■ Data for this exercise ■
════

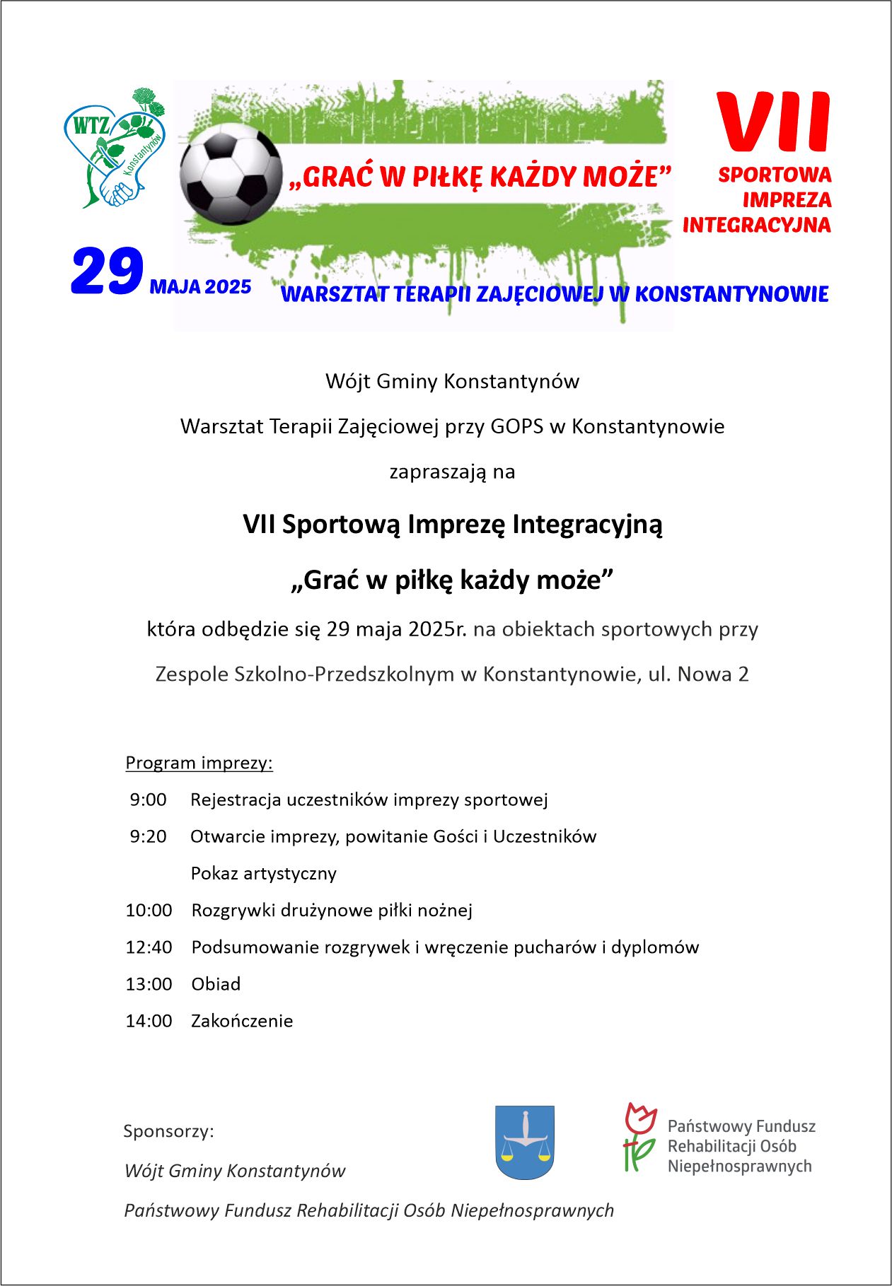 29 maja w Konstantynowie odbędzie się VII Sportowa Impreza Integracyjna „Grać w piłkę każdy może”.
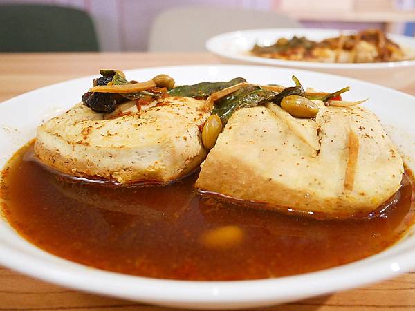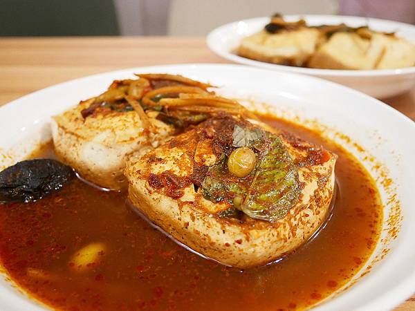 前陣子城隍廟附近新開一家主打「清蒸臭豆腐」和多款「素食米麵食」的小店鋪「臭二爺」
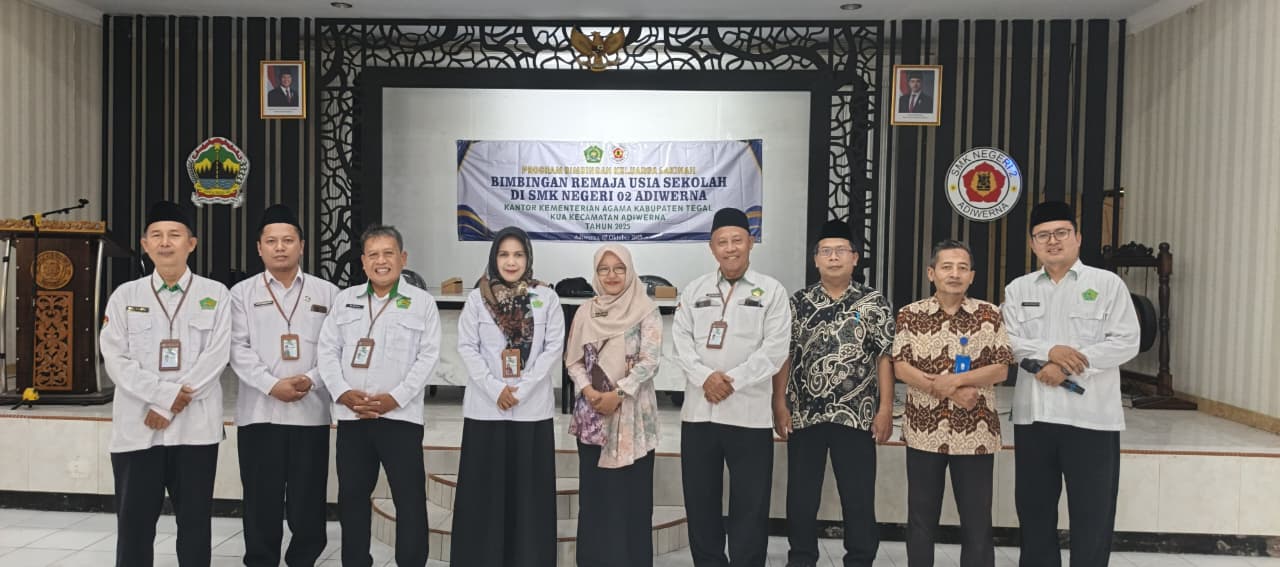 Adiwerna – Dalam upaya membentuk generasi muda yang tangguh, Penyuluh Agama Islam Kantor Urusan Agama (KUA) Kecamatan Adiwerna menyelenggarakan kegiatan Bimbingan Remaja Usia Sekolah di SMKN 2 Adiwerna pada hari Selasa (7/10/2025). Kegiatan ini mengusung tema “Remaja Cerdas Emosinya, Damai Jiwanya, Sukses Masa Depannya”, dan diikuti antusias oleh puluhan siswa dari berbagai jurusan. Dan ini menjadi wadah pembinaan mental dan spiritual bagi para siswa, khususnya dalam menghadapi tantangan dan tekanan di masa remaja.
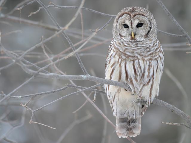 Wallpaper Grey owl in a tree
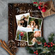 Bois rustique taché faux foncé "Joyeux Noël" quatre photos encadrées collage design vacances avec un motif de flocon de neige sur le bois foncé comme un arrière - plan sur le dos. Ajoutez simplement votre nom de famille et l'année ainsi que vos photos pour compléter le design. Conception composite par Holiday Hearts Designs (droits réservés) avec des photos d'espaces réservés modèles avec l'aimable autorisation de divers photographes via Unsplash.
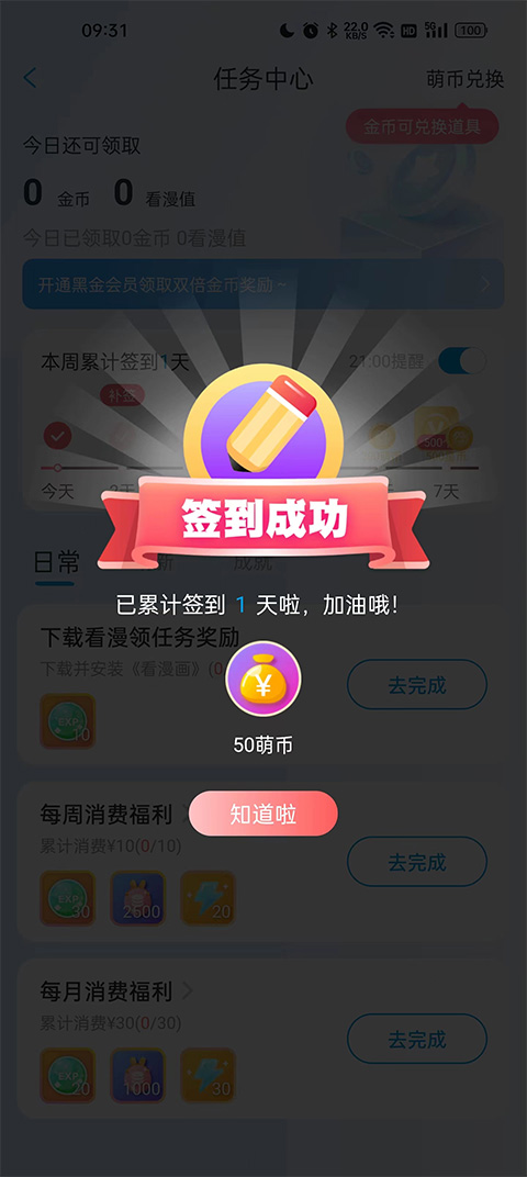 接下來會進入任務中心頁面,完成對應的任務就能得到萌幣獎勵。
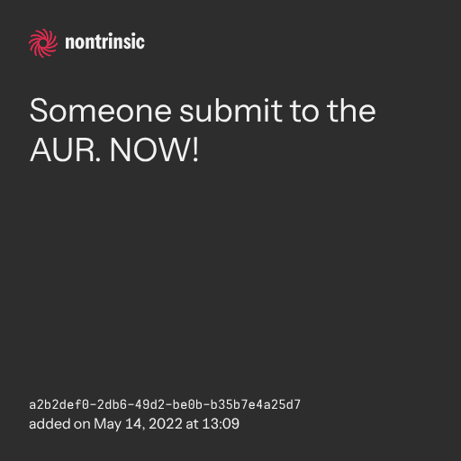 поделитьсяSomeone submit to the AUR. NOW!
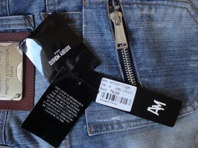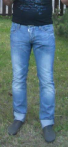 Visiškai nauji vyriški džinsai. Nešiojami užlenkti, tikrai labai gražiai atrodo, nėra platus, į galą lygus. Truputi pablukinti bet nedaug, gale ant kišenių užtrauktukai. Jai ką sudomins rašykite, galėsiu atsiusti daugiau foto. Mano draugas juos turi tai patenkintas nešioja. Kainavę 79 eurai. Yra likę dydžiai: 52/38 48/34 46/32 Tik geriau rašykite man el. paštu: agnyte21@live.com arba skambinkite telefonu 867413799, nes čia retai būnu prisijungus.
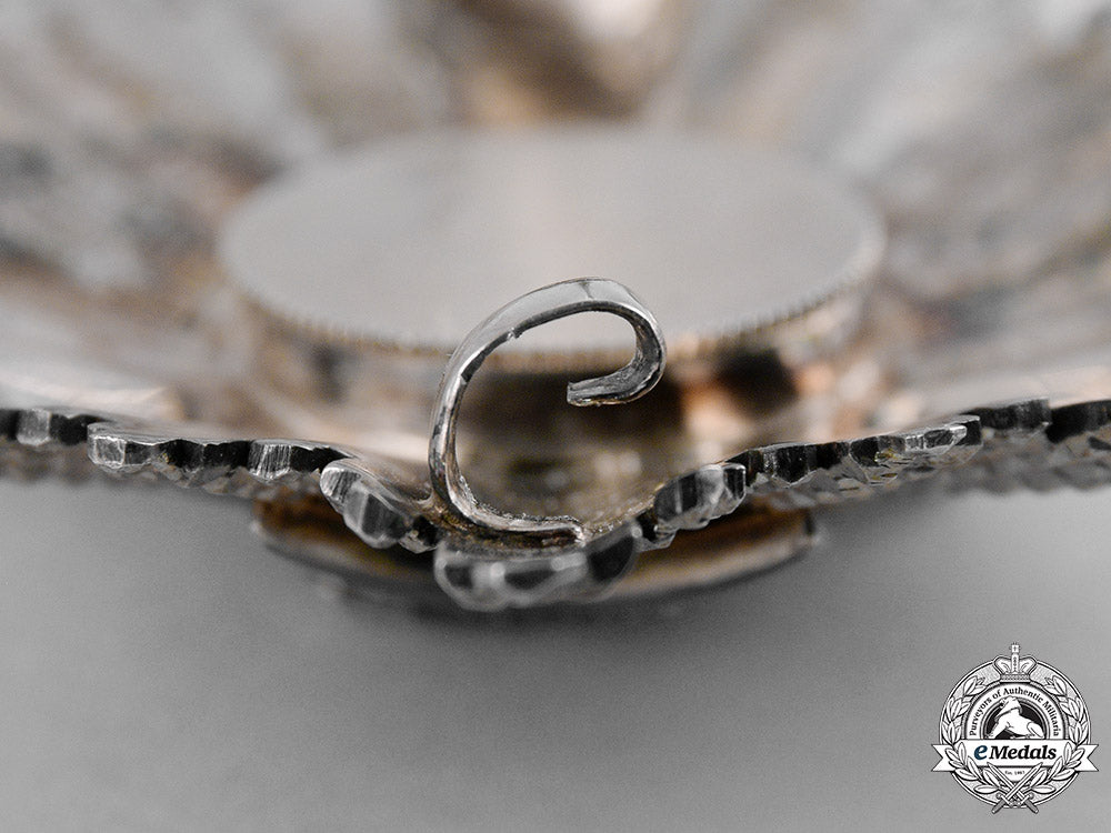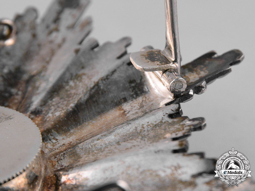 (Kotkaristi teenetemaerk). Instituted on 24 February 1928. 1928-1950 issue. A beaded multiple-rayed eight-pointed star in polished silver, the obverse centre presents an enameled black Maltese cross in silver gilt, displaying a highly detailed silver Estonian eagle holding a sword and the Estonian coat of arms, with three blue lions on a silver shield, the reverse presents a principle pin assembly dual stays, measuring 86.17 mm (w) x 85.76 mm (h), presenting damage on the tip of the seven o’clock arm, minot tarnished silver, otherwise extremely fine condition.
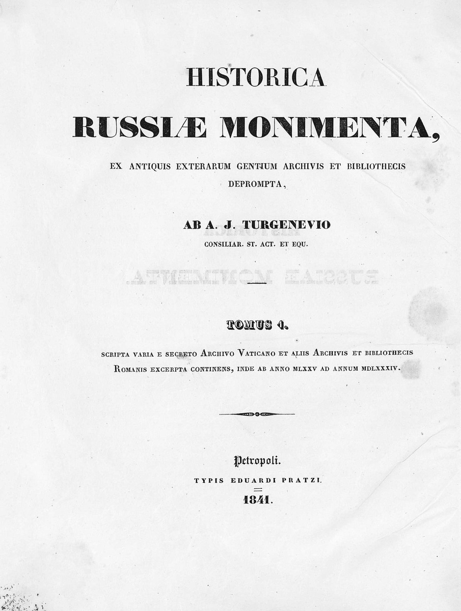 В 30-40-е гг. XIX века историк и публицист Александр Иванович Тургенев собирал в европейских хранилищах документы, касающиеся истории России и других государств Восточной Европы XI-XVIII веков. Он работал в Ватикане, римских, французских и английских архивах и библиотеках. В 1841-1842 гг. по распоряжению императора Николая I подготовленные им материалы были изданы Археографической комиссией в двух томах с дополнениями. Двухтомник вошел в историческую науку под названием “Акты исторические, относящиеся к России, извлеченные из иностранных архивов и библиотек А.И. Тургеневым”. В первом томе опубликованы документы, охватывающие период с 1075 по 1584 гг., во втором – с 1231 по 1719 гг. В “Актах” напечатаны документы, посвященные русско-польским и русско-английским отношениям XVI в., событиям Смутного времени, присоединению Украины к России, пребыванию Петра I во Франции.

════

■ Exercise objective ■
Give back the data exactly. Pictures stay out.

■ Answer section ■
 29 maja w Konstantynowie odbędzie się VII Sportowa Impreza Integracyjna „Grać w piłkę każdy może”.
 前陣子城隍廟附近新開一家主打「清蒸臭豆腐」和多款「素食米麵食」的小店鋪「臭二爺」
 Adiwerna – Dalam upaya membentuk generasi muda yang tangguh, Penyuluh Agama Islam Kantor Urusan Agama (KUA) Kecamatan Adiwerna menyelenggarakan kegiatan Bimbingan Remaja Usia Sekolah di SMKN 2 Adiwerna pada hari Selasa (7/10/2025). Kegiatan ini mengusung tema “Remaja Cerdas Emosinya, Damai Jiwanya, Sukses Masa Depannya”, dan diikuti antusias oleh puluhan siswa dari berbagai jurusan. Dan ini menjadi wadah pembinaan mental dan spiritual bagi para siswa, khususnya dalam menghadapi tantangan dan tekanan di masa remaja.
 Wallpaper Grey owl in a tree
 Bois rustique taché faux foncé "Joyeux Noël" quatre photos encadrées collage design vacances avec un motif de flocon de neige sur le bois foncé comme un arrière - plan sur le dos. Ajoutez simplement votre nom de famille et l'année ainsi que vos photos pour compléter le design. Conception composite par Holiday Hearts Designs (droits réservés) avec des photos d'espaces réservés modèles avec l'aimable autorisation de divers photographes via Unsplash.
 接下來會進入任務中心頁面,完成對應的任務就能得到萌幣獎勵。
 поделитьсяSomeone submit to the AUR. NOW!
 Visiškai nauji vyriški džinsai. Nešiojami užlenkti, tikrai labai gražiai atrodo, nėra platus, į galą lygus. Truputi pablukinti bet nedaug, gale ant kišenių užtrauktukai. Jai ką sudomins rašykite, galėsiu atsiusti daugiau foto. Mano draugas juos turi tai patenkintas nešioja. Kainavę 79 eurai. Yra likę dydžiai: 52/38 48/34 46/32 Tik geriau rašykite man el. paštu: agnyte21@live.com arba skambinkite telefonu 867413799, nes čia retai būnu prisijungus.
 (Kotkaristi teenetemaerk). Instituted on 24 February 1928. 1928-1950 issue. A beaded multiple-rayed eight-pointed star in polished silver, the obverse centre presents an enameled black Maltese cross in silver gilt, displaying a highly detailed silver Estonian eagle holding a sword and the Estonian coat of arms, with three blue lions on a silver shield, the reverse presents a principle pin assembly dual stays, measuring 86.17 mm (w) x 85.76 mm (h), presenting damage on the tip of the seven o’clock arm, minot tarnished silver, otherwise extremely fine condition.
 В 30-40-е гг. XIX века историк и публицист Александр Иванович Тургенев собирал в европейских хранилищах документы, касающиеся истории России и других государств Восточной Европы XI-XVIII веков. Он работал в Ватикане, римских, французских и английских архивах и библиотеках. В 1841-1842 гг. по распоряжению императора Николая I подготовленные им материалы были изданы Археографической комиссией в двух томах с дополнениями. Двухтомник вошел в историческую науку под названием “Акты исторические, относящиеся к России, извлеченные из иностранных архивов и библиотек А.И. Тургеневым”. В первом томе опубликованы документы, охватывающие период с 1075 по 1584 гг., во втором – с 1231 по 1719 гг. В “Актах” напечатаны документы, посвященные русско-польским и русско-английским отношениям XVI в., событиям Смутного времени, присоединению Украины к России, пребыванию Петра I во Франции.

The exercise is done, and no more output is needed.